Sie haben einen Innovationsfonds aufgelegt und fördern damit auch eine Reihe von telemedizinischen Projekten. Welche Ziele verfolgen Sie damit?
Brücken statt Mauern – das ist der Kerngedanke. Unser Gesundheitswesen ist hoch spezialisiert, das begünstigt die Gefahr von Abschottung. Wir brauchen mehr „Mannschaftsspiel“ aller Beteiligten zum Nutzen der Patienten. Dazu gibt es eine Reihe von Modellprojekten, aus denen wir lernen wollen, wie man die Regelversorgung weiter verbessern kann.
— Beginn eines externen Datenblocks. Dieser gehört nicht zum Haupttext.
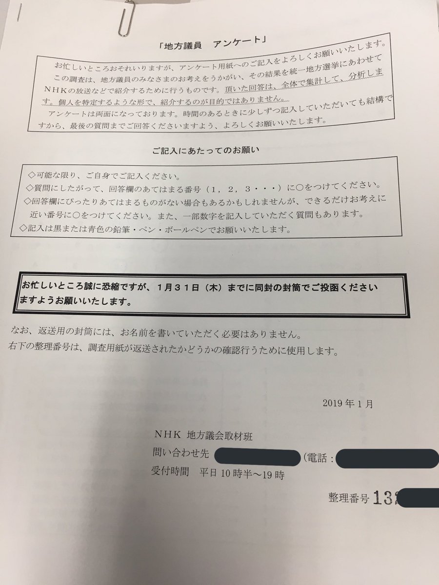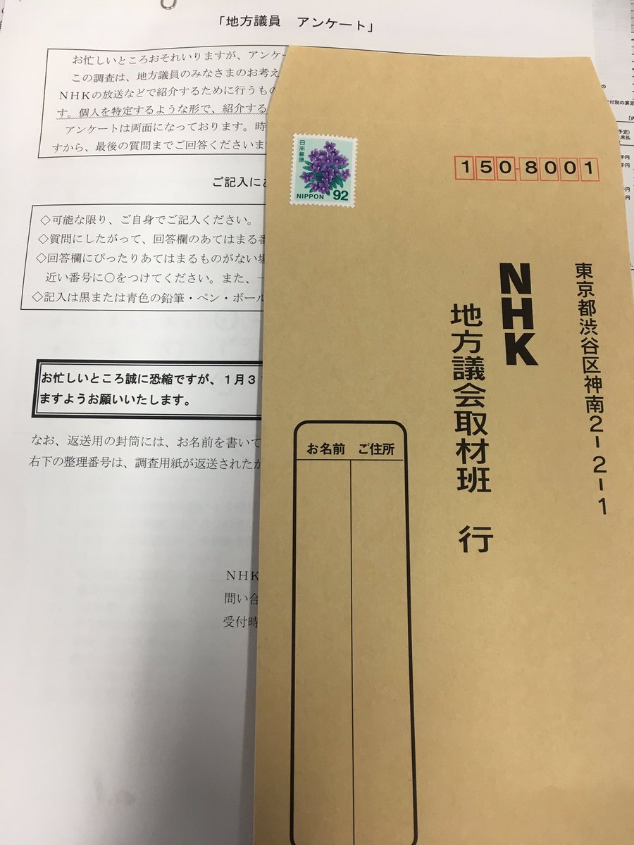 今日、市役所に来たらNHKからアンケート調査の茶封筒が来てました。 ずるいのは名前は不要といいつつ無意味な整理番号で管理されてるんですよ。もし調べようと思えば各個人の考えがNHKに丸わかりってことです。 勿論、記入しません。 さて明日は立川の立川市内の農業視察、意見交換会に行ってきます。

Haben Sie ein Beispiel aus Baden-Württemberg?
Wir fördern mit dem Innovationsfonds ein Projekt der Kassenärztlichen Vereinigung mit Krankenkassen und anderen Partnern, bei dem es darum geht, Klinikeinweisungen von pflegebedürftigen Menschen aus dem Pflegeheim heraus zu vermeiden. Denn es ist für pflegebedürftige Menschen oftmals eine große Belastung, wenn sie für eine Behandlung aus ihrer gewohnten Umgebung gerissen und in ein Krankenhaus verlegt werden. Es geht bei dem Projekt daher um ein Team von niedergelassenen Haus- und Fachärzten, die in engem Kontakt zu den Pflegekräften im Heim stehen und sich zusammen um die bestmögliche medizinische Versorgung der pflegebedürftigen Menschen kümmern. Das ist ein vielversprechender Ansatz, denn er stellt den pflegebedürftigen Patienten in den Mittelpunkt.